They spend a few decades like that, sending random emails and text messages about the world as she gets to see it for herself. He’d feel the tug every single time, the need to be with her and to kiss her and to taste her and to claim her for himself, witness her discover the world the way he knows she will when he brought his bleeding wrist to her mouth that night so long ago in her childhood bed on her birthday. Would she like Paris more than Rome or would she hate both of them completely? Why did she choose to go to Tokyo first, he wonders? Is her favorite city somewhere that’s tourist-bait and conventional or will she fall more in love with quieter, European towns, so different yet so similar to her own home in Virginia? He never asks her these questions, though. Klaus thinks he wouldn’t be able to handle it, hearing about her travels around the world. He pretends it’s because whatever she’ll say, he had probably witnessed for himself already.

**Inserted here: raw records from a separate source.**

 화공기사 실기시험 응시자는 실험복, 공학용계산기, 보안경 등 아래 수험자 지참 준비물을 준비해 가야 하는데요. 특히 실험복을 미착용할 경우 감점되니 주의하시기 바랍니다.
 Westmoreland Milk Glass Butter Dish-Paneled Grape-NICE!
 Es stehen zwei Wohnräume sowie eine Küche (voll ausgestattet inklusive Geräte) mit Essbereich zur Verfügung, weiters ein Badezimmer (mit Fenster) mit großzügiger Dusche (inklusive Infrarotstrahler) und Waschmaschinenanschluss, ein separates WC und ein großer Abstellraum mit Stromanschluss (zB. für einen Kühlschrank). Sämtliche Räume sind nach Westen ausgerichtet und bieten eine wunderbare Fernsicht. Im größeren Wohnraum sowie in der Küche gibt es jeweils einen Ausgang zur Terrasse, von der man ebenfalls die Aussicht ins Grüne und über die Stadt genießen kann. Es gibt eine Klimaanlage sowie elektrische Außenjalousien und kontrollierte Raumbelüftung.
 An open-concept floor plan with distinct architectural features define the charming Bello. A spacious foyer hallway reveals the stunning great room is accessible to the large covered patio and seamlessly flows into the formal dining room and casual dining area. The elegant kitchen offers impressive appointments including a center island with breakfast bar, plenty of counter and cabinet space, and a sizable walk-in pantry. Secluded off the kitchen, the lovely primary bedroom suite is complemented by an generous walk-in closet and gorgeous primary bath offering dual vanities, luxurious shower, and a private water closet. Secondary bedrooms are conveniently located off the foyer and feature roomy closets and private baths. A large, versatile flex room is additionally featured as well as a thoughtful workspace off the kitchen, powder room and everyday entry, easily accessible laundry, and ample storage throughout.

The pathetic truth is that he really just can’t bear the reminder that somehow, all those years ago when he let her light consume him and got lost in the beauty of her strength, he had allowed himself to hope that he’d be the one to show her the world. Never again. What a fool he had been. Caroline doesn’t need him to take on the world–she doesn’t need anyone because she’s so strong, that way. This only makes him want to accompany her even more.

It’s years later that she tells him she wants to go to New Orleans, and “Would you still like to show me around?”

It’s not the first time she’s been, she says, and Klaus is annoyed at the stab of hurt he feels at her confession. She doesn’t owe him anything, Caroline, but he still lets himself feel the tiniest amount of relief when she tells him, “You weren’t there.”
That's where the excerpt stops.